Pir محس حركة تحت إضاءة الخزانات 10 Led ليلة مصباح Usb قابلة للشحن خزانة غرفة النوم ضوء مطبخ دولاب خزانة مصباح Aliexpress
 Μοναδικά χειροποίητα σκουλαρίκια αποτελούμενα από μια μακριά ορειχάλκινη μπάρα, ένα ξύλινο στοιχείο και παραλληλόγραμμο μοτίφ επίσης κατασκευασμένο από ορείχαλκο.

* * *

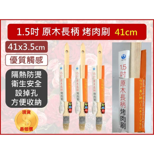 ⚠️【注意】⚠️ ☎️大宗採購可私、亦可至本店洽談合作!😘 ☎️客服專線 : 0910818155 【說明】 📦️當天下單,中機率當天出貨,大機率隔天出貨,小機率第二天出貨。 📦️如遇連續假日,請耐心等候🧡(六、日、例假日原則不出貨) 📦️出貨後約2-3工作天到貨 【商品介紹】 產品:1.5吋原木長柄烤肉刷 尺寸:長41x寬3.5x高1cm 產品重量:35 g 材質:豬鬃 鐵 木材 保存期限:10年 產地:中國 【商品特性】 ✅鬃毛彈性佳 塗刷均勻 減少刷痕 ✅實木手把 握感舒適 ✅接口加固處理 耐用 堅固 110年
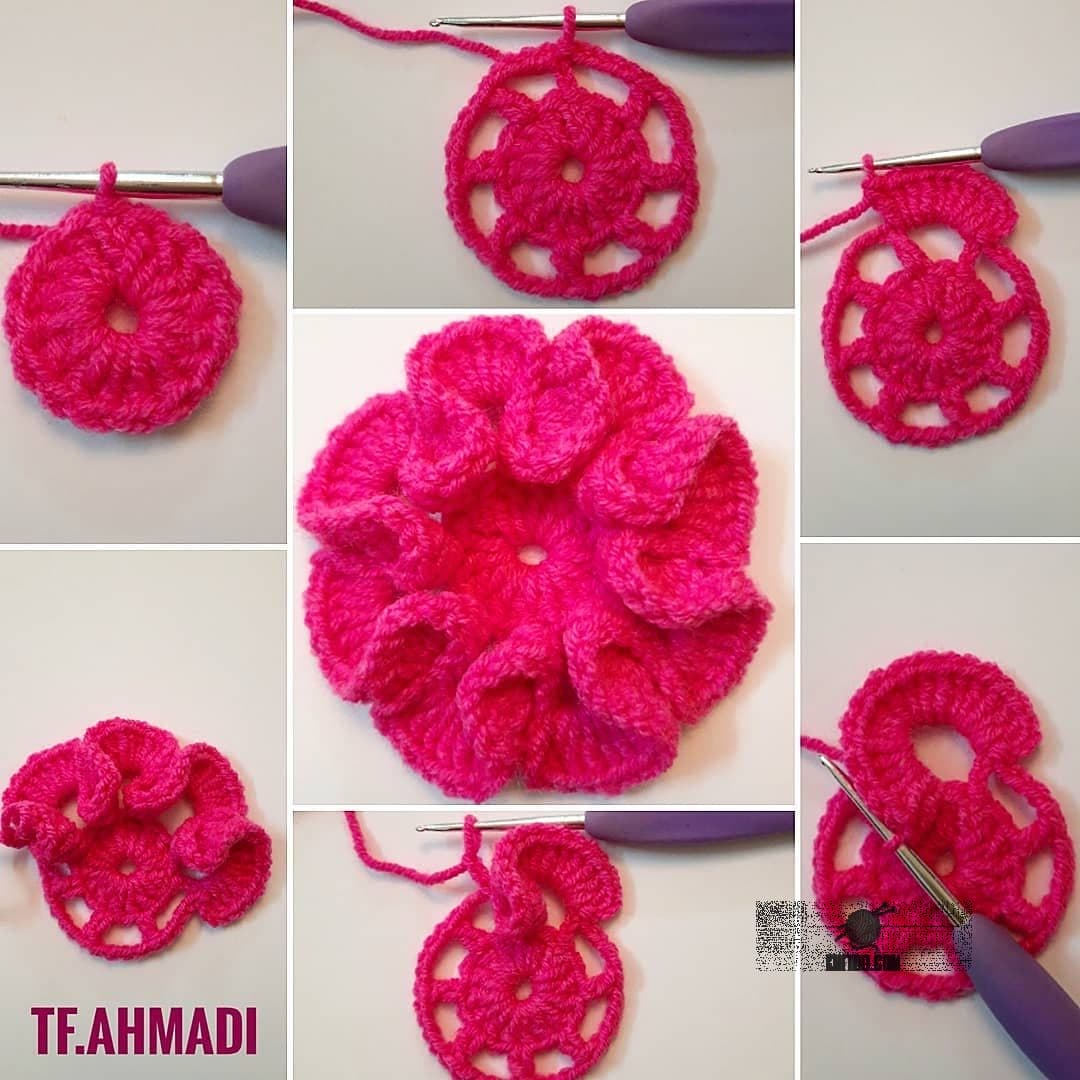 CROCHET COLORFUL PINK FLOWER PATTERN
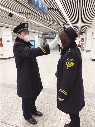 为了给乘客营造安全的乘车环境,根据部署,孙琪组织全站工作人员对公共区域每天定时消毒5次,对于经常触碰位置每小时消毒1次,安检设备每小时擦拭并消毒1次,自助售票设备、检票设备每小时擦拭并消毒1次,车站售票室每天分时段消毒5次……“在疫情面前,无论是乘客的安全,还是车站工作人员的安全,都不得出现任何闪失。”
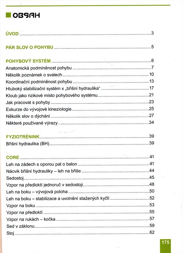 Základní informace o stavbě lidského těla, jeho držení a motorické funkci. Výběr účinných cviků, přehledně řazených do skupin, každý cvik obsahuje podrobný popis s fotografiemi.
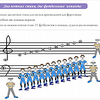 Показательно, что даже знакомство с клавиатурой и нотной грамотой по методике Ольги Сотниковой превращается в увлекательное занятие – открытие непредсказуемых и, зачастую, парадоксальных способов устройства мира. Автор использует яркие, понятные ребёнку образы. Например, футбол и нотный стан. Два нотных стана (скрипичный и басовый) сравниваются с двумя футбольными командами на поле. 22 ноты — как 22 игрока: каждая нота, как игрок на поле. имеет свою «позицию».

* * *

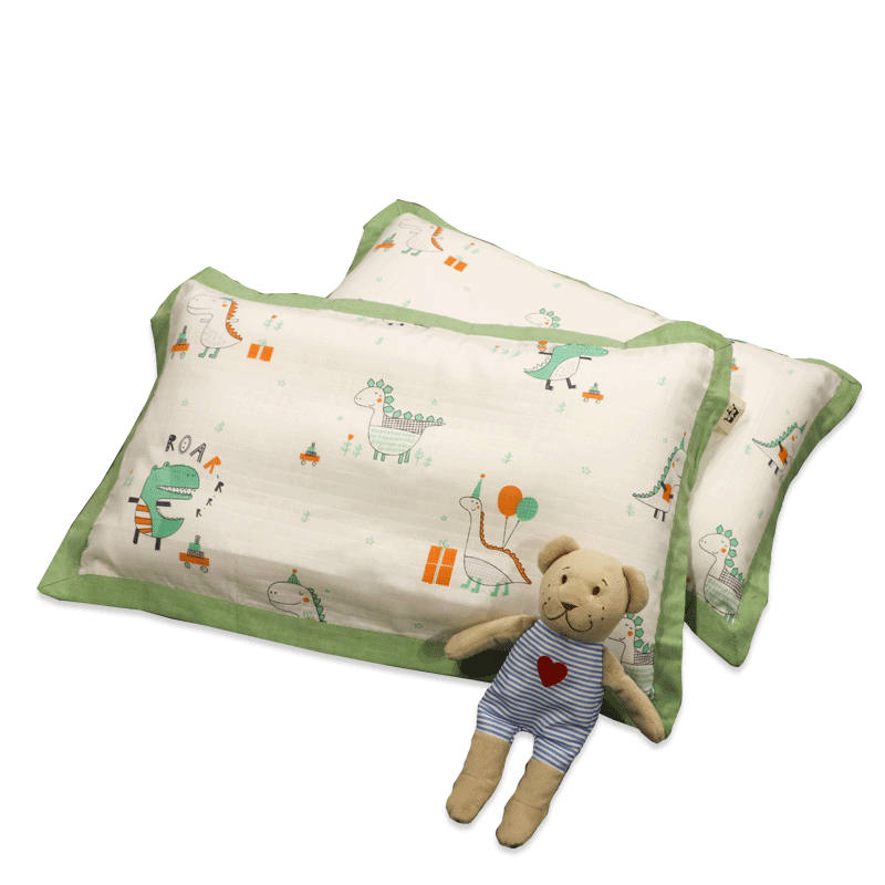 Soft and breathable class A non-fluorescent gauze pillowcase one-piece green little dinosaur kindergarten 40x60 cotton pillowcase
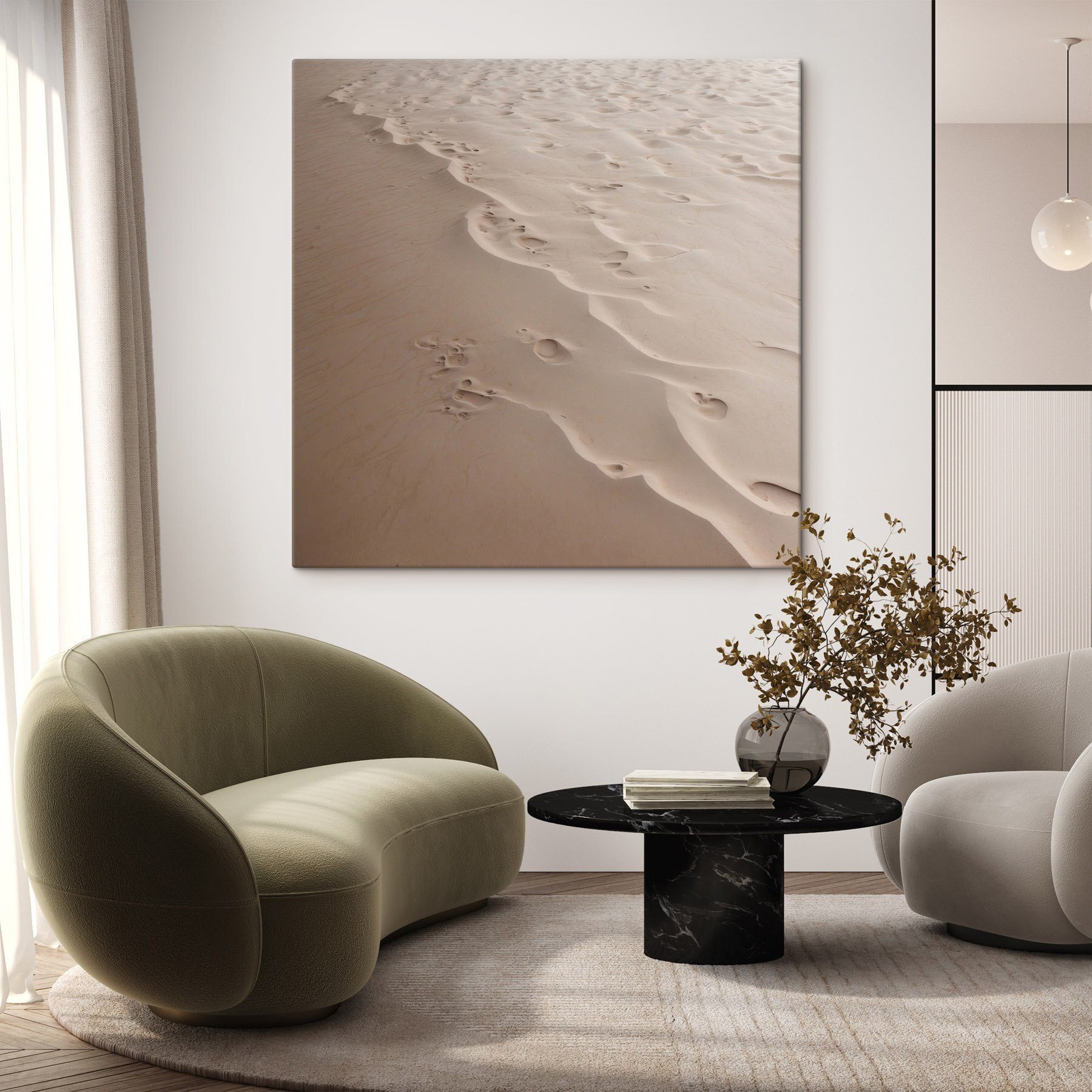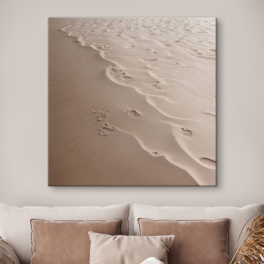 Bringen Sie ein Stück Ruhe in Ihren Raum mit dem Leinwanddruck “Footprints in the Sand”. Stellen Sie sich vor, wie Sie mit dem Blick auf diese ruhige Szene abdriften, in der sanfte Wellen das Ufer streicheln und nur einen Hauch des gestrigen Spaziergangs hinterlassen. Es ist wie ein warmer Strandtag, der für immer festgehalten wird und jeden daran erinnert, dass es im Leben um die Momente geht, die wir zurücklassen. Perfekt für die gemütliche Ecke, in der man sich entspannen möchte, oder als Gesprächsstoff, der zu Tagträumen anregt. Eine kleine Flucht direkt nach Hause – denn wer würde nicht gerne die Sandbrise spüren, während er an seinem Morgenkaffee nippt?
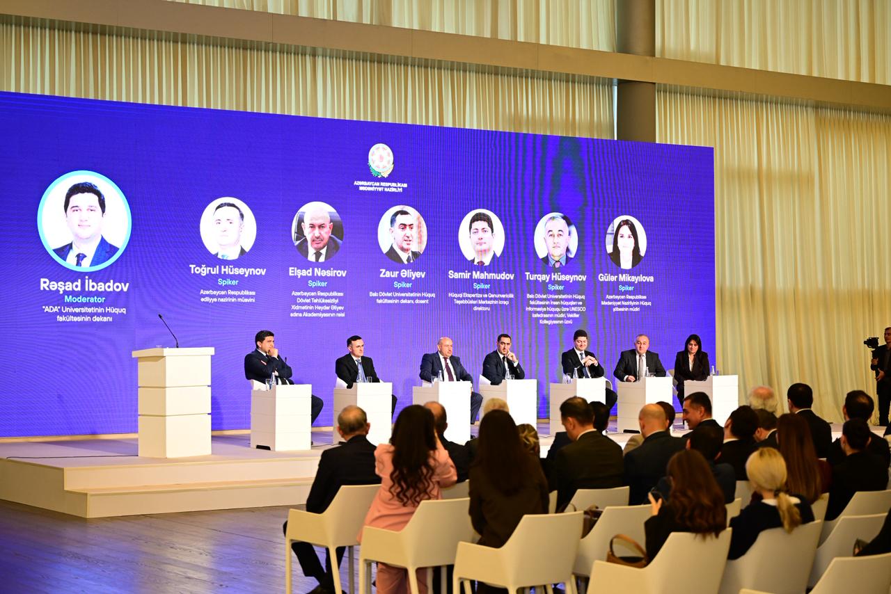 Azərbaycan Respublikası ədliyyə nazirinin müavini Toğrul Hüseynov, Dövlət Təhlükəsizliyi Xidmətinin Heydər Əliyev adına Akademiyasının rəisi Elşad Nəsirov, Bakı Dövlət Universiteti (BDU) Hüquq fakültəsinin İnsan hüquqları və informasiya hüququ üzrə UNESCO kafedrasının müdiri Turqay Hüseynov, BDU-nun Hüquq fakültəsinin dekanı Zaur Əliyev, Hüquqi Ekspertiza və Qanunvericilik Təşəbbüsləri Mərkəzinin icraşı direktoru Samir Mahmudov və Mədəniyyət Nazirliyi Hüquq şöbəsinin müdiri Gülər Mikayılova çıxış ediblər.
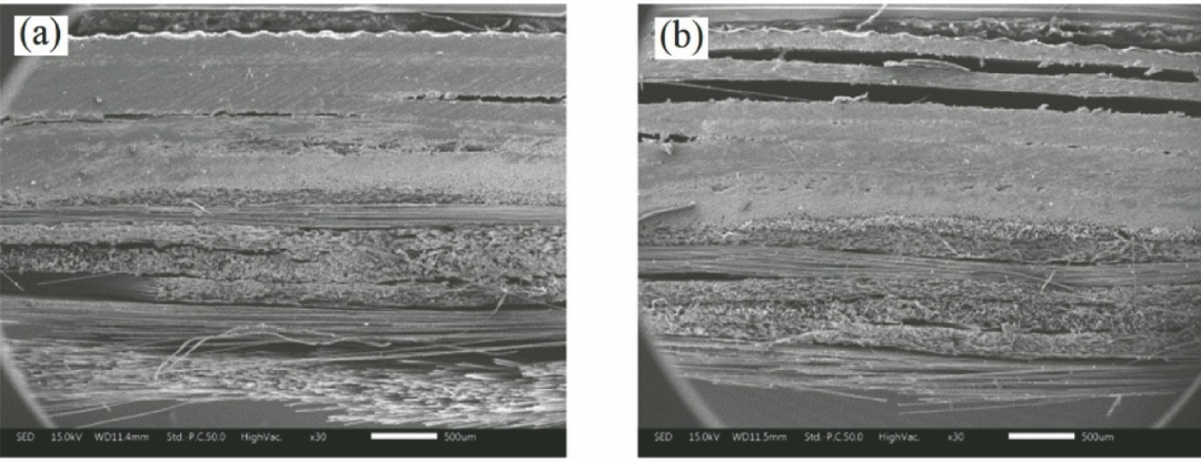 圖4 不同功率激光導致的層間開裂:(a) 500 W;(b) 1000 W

**Work instructions:**
Exactly the lines above from the one that contains "CROCHET COLORFUL PINK FLOWER PATTERN" down to the one that contains "Základní informace o" are to be output, both ends kept and pictures omitted.

**Your response:**
 CROCHET COLORFUL PINK FLOWER PATTERN
 为了给乘客营造安全的乘车环境,根据部署,孙琪组织全站工作人员对公共区域每天定时消毒5次,对于经常触碰位置每小时消毒1次,安检设备每小时擦拭并消毒1次,自助售票设备、检票设备每小时擦拭并消毒1次,车站售票室每天分时段消毒5次……“在疫情面前,无论是乘客的安全,还是车站工作人员的安全,都不得出现任何闪失。”
 Základní informace o stavbě lidského těla, jeho držení a motorické funkci. Výběr účinných cviků, přehledně řazených do skupin, každý cvik obsahuje podrobný popis s fotografiemi.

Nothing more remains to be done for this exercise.